– Do krzyżowca mówisz sk...nu! Do krzyżowca, k...wa, jedenastej krucjaty! Ku...wo, łeb ci mogę odciąć i pójdę do nieba za to! – taką wiązankę usłyszał telewidz, który zadzwonił do studia internetowej Niezależnej Polskiej TV. Prowadzących zdenerwował twierdzeniem, że Jezus nosiłby maseczkę.
Program prowadzą Marcin Osadowski, od lat znany w środowisku obecnego posła Konfederacji Janusza Korwin-Mikkego, oraz Wojciech Olszański vel. Aleksander Jabłonowski. Ten drugi na co dzień nosi wojskowy mundur i słynie ze skrajnie prawicowych poglądów. Ponieważ jest zawodowym aktorem, w środowisku narodowców od lat toczy się dyskusja, na ile prezentowane przez niego poglądy są prawdziwe.
W programie często rozprawiają się z LGBT. Np.
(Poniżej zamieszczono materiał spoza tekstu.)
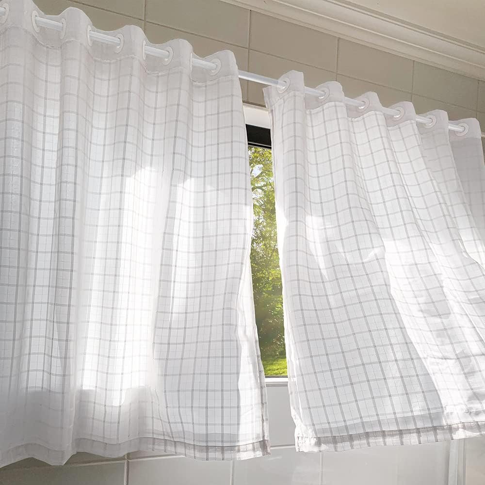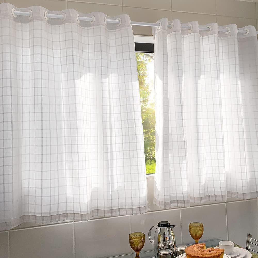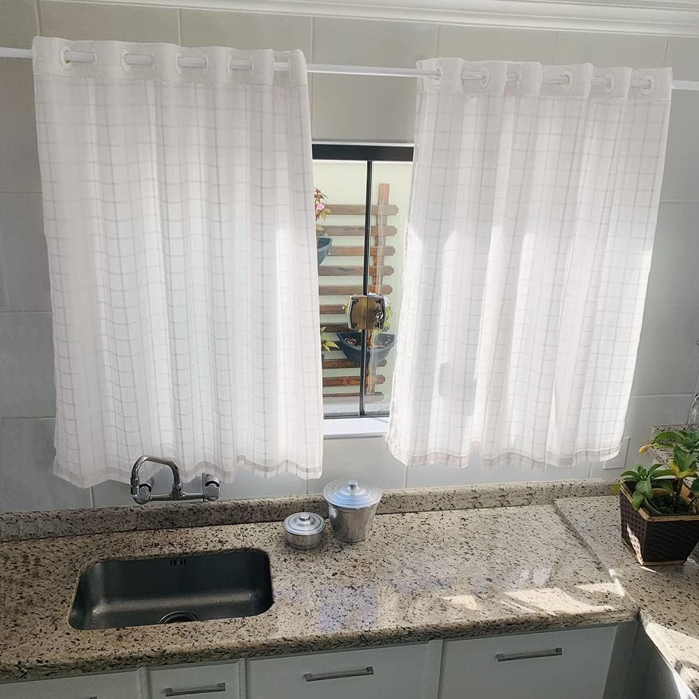 Voil quadriculado com forro de microfibra 100% poliéster, proporcionando charme e sofisticação.

Olszański zapewnił, że gdyby jego syn był gejem, osobiście by go zastrzelił. Dużo czasu poświęcają też krytyce szczepień i obostrzeń związanych z pandemią. A także wchodzą w wulgarne dialogi z widzami.
O programie zrobiło się głośno kilka dni temu, gdy do mediów społecznościowych wyciekło nagranie jednego fragmentu. Słychać na nim, jak program przerywa właściciel budynku i grozi odcięciem internetu. – Prosiłem o zachowanie umiaru w swoich wypowiedziach. Słyszę zza okna, jakie pan k...wy rzuca i że pan będzie zabijał tu ludzi – powiedział wzburzony.
Internauci zaczęli spekulować, że gospodarzem jest Kacper Korwin-Mikke, syn posła Konfederacji. W rozmowie z „Rzeczpospolitą" potwierdza to Janusz Korwin-Mikke. – Kacper miał lekkie pretensje. Okno otwarte, a oni się drą na całą ulicę – relacjonuje.